There are sad things to learn too, like the fact that “ultra-fine wool” comes from sheep who have been starved in barren pens, much like confined veal calves or battery-caged hens. “Underfed sheep produce finer wool, and the finer the wool the more it is worth.”

Brooks Pribac is constantly thinking of the lives of those sheep (and other nonhumans) who aren’t as lucky as her rescues. “All their lives these sheep are deprived of things that you cherish most—abundance of food, being together, doing things together, going for walks, grazing, playing, basking in the sun, moon and starlight.”

But these lucky sheep live a life of such freedom that they are able to be completely themselves—and it’s delightful to see their personalities come through in these stories. Like all siblings, these four play and argue. They tell on one another (Jason was all too eager to report that it was Pumpkin, not him, who peed on the kitchen floor—and it was also cheeky Jason who broke into the feed room and then bleated that the others had done it). They hold grudges (“Henry is not speaking to me. It couldn’t be more obvious.”), especially after being shorn, perhaps not fully understanding the absolute necessity of it. And they are protective—when a small sheep showed up, Pumpkin protected her from Jason’s curiosity. They also knock on doors when they want something from the humans on the other side—and, in this home, their wishes are granted: “I wonder if you know how much our life actually revolves around you, and that you pretty much run this place.”

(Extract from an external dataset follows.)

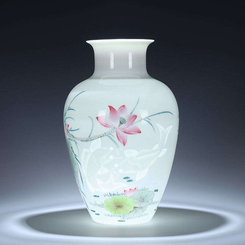 名师手绘景德镇陶瓷花瓶薄胎玲珑工艺品书房办公室桌面装饰品摆件热门设计联盟服务商

As many rescuers do, Brooks Pribac negotiates complex relationships with farmers and shearers, who are helpful in animal matters but who are nonetheless still breeding and killing. She also attempts to explain the human species to the sheep—pondering why we disappear from our real world into a virtual one, why we can’t seem to find happiness, and why we persist in using and abusing animals (including horrific farming practices that are still, appallingly, legal). 

Her stories about Henry, Jonathan, Pumpkin, and Jason reveal that sheep are as social, emotional, and intelligent as humans—in fact, she makes a good case for them being much more so, on all counts. She writes, “a pig is a dog is a sheep is a human in everything that matters for wellbeing and happiness”—and recalls her own journey to animal advocacy: “I turned vegan overnight when someone pointed out to me that I was personally responsible for the horror other animals endure. Through my food and other choices I was pouring money into an industry that tortures and kills sentient beings. The way out was easy, they said: stop buying those products. So I did, the easiest thing I’ve ever done, and I felt happy, light and free.”

Letters To My Sheep is illustrated with the author’s beautiful photos of all four sheep (and their beloved dog sibling Charlie), in portraits and landscapes that give us glimpses into their beauty as well as their personalities.

This slender, beautiful book reveals what happens when we treat nonhuman animals with the same consideration as we would other humans; it’s an elegant, compassionate story of a family. And all proceeds from Letters To My Sheep support animal causes.